1. Nonlinear modelling of high-frequency transistors and components. Model
implementation techniques into CAD tools for Hybrid and Microwave Integrated
Circuits
2. Electro-thermal modelling of compound semiconductor electron
devices (GaAs, GaN)
3. Experimental characterization and measurement techniques of
electron devices and circuits for telecommunications
4. Power Amplifier design for radio-communications
Nonlinear modelling of high-frequency transistors and model
implementation techniques into CAD tools for Microwave Integrated
Circuits
The development of empirical nonlinear transistor models is made
particularly difficult by the simultaneous presence of nonlinearity
and dynamics. This research activity deals with the definition of
nonlinear models of microwave transistors, which take into account
the complex dynamic behaviour observed at increasing fundamental
frequencies of operation (including non-quasi-static effects).
These models have to be easily identified on the basis of
multi-bias measurements both under static and dynamic regime. They
also should be numerically efficient, enabling faster circuit
design procedures.
Electro-thermal modelling of compound semiconductor electron
devices (GaAs, GaN)
Accurate electro-thermal models of high-frequency transistors
(MESFETs, HFETs, PHEMTs), are typically needed in order to obtain
reliable predictions of the behaviour of power amplifiers for
telecommunication systems. In particular, dispersive phenomena due
to thermal effects and charge trappings taking place in Field
Effect Transistors have to be taken into account. These dispersive
phenomena cause important deviations of dynamic drain current
characteristics with respect to static measurements. Since these
deviations are dramatically bias-dependent, the definition of a
definitive solution to the modelling has not yet been given by
researchers.
Experimental characterization and measurement techniques of
electron devices and circuits for telecommunications
Experimental characterization of electron devices and circuits
represents a fundamental step both for extracting electrical
component models and for verifying their operating features. This
research activity deals with the development of experimental
measurement setups for the characterization of thermal dynamics and
other phenomena showing a similarly “slow” dynamics, due to charge
trappings at the inter-layer interfaces of field effect
transistors. To this aim, both sinusoidal and pulsed excitations
are taken into account as possible valuable solutions. The research
activity also deals with the definition of thermal
resistance/impedance identification procedures.

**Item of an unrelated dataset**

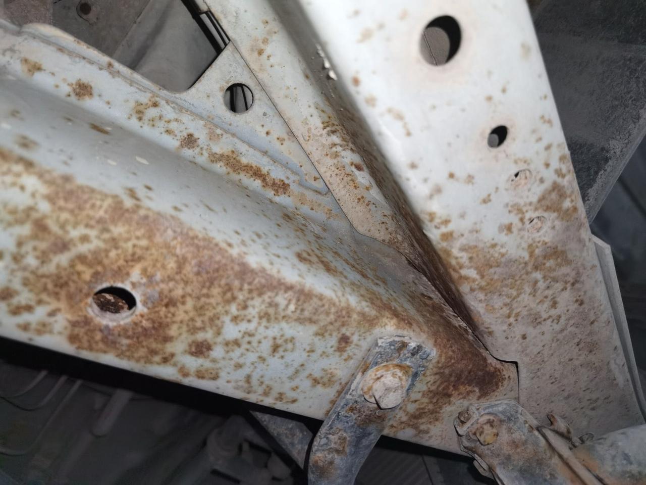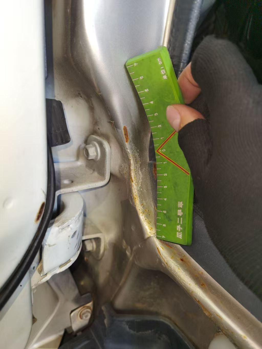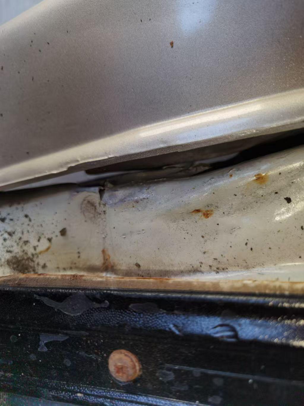 2万块的九座大面包,我怕开着开着散架了! 前两天验了一台九座大面包,厦门金龙出的金威2.0手动,2016年9月上牌,表显6万多公里,当初新车买下来7万-8万,现在二手只要2万块! 这么大的车,买回去肯定有重要的作用,不管是拉人还是拉货,机械故障和安全保障方面应该有所要求,验车必须安排。 然而,结果不太好,围着车一瞅就感觉不对,整车都喷过漆,光泽度看着就不均匀;关键在于,整个车架很多地方开裂生锈,还有三处结构损伤,左侧A柱里口变形生锈;后围板切割,接缝处都不平整;右侧底边梁也切割了,修复的印子清清楚楚; 事故车无疑,跑的速度快了,都怕散架了!但是还有惊喜,掀开内饰地毯,底下全是泥沙,金属部件生锈特别严重,一捏地毯都能感觉到潮气,这是进水了!还好下面没什么电路线束,车的配置很低。 按理说,工具车,能跑能动就行,但现在人的安全意识都提高了,消费意识也提高了,2万买这辆事故涉水车,不能吃这个亏!

Power Amplifier design for radio-communications
This research activity is aimed at the development of design
methodologies for power amplifiers to be used for
radio-communications. Important trade-off are taken into account
between the need for high energetic efficiency and low-distortion
constraints. On the basis of accurate nonlinear device models, near
optimal source and load terminations are sought for with the goal
of achieving maximum output power with assigned constraints in
terms of inter-modulation distortion, power gain and parametric
sensitivity. In this framework, the numerical efficiency of the
design procedure implemented into the CAD program also plays an
important role.